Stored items
┄┄┄┄┄┄

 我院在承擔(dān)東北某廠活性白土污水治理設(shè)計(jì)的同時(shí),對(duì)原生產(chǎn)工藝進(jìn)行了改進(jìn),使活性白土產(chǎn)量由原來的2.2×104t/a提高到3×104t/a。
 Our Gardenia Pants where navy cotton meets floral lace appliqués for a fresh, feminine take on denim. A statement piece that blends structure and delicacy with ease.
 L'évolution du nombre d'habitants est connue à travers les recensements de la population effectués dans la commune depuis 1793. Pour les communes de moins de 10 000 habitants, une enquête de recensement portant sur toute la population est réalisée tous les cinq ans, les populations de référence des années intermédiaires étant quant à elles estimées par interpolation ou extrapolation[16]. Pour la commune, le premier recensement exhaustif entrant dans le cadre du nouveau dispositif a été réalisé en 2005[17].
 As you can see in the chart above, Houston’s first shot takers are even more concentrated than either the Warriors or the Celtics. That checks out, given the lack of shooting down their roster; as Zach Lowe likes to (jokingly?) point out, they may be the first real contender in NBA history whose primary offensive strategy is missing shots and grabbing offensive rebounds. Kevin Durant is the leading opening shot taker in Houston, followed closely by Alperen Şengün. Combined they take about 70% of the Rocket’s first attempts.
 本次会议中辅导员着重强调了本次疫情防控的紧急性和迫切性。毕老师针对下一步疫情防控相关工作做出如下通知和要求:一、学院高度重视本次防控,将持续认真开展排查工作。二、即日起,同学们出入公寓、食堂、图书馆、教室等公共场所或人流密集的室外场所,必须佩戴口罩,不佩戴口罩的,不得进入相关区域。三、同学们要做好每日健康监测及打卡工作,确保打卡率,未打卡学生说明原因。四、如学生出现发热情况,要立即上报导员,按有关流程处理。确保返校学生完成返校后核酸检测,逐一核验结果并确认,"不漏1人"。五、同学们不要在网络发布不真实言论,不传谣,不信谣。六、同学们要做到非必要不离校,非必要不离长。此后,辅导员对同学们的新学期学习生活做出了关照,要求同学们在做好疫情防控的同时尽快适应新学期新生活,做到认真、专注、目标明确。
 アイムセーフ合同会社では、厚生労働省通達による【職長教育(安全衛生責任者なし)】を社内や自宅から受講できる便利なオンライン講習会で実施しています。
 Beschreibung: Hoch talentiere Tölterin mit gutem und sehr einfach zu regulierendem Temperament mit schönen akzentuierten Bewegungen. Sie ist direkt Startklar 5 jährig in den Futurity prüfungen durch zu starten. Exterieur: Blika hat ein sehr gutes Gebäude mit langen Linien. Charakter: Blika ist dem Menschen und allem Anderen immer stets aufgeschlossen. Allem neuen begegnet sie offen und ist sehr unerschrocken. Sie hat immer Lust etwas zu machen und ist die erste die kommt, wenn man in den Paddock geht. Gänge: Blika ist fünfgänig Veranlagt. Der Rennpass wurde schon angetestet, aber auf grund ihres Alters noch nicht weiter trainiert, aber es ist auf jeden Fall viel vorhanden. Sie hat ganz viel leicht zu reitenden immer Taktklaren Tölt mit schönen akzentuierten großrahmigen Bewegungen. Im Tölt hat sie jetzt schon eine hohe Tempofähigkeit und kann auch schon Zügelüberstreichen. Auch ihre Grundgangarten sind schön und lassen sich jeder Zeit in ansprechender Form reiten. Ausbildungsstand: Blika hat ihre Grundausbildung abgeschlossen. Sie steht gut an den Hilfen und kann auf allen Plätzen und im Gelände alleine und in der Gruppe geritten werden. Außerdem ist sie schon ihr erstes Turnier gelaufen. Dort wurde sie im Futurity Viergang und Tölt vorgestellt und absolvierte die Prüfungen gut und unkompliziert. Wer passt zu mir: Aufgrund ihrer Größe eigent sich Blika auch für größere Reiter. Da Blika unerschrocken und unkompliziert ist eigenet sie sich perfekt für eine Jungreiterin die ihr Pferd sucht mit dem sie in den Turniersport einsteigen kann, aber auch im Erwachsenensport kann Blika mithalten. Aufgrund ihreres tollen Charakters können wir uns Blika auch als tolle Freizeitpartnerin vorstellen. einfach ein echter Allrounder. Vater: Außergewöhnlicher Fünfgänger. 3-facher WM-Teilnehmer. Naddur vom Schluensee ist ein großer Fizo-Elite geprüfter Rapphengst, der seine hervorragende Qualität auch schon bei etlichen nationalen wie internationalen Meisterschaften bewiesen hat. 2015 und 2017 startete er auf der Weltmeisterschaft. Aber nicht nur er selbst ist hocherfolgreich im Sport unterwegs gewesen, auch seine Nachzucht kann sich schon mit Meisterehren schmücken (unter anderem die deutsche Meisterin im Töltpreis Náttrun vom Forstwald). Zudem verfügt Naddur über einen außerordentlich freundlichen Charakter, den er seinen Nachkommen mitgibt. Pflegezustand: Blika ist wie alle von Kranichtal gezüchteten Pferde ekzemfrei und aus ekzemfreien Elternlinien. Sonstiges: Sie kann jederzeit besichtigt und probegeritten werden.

┄┄┄┄┄┄

Copy nothing beyond the line containing "アイムセーフ合同会社では、厚". Transcribe exactly from the first line of the entries down to that line, inclusive.

### RESULT OF THIS TASK
 我院在承擔(dān)東北某廠活性白土污水治理設(shè)計(jì)的同時(shí),對(duì)原生產(chǎn)工藝進(jìn)行了改進(jìn),使活性白土產(chǎn)量由原來的2.2×104t/a提高到3×104t/a。
 Our Gardenia Pants where navy cotton meets floral lace appliqués for a fresh, feminine take on denim. A statement piece that blends structure and delicacy with ease.
 L'évolution du nombre d'habitants est connue à travers les recensements de la population effectués dans la commune depuis 1793. Pour les communes de moins de 10 000 habitants, une enquête de recensement portant sur toute la population est réalisée tous les cinq ans, les populations de référence des années intermédiaires étant quant à elles estimées par interpolation ou extrapolation[16]. Pour la commune, le premier recensement exhaustif entrant dans le cadre du nouveau dispositif a été réalisé en 2005[17].
 As you can see in the chart above, Houston’s first shot takers are even more concentrated than either the Warriors or the Celtics. That checks out, given the lack of shooting down their roster; as Zach Lowe likes to (jokingly?) point out, they may be the first real contender in NBA history whose primary offensive strategy is missing shots and grabbing offensive rebounds. Kevin Durant is the leading opening shot taker in Houston, followed closely by Alperen Şengün. Combined they take about 70% of the Rocket’s first attempts.
 本次会议中辅导员着重强调了本次疫情防控的紧急性和迫切性。毕老师针对下一步疫情防控相关工作做出如下通知和要求:一、学院高度重视本次防控,将持续认真开展排查工作。二、即日起,同学们出入公寓、食堂、图书馆、教室等公共场所或人流密集的室外场所,必须佩戴口罩,不佩戴口罩的,不得进入相关区域。三、同学们要做好每日健康监测及打卡工作,确保打卡率,未打卡学生说明原因。四、如学生出现发热情况,要立即上报导员,按有关流程处理。确保返校学生完成返校后核酸检测,逐一核验结果并确认,"不漏1人"。五、同学们不要在网络发布不真实言论,不传谣,不信谣。六、同学们要做到非必要不离校,非必要不离长。此后,辅导员对同学们的新学期学习生活做出了关照,要求同学们在做好疫情防控的同时尽快适应新学期新生活,做到认真、专注、目标明确。
 アイムセーフ合同会社では、厚生労働省通達による【職長教育(安全衛生責任者なし)】を社内や自宅から受講できる便利なオンライン講習会で実施しています。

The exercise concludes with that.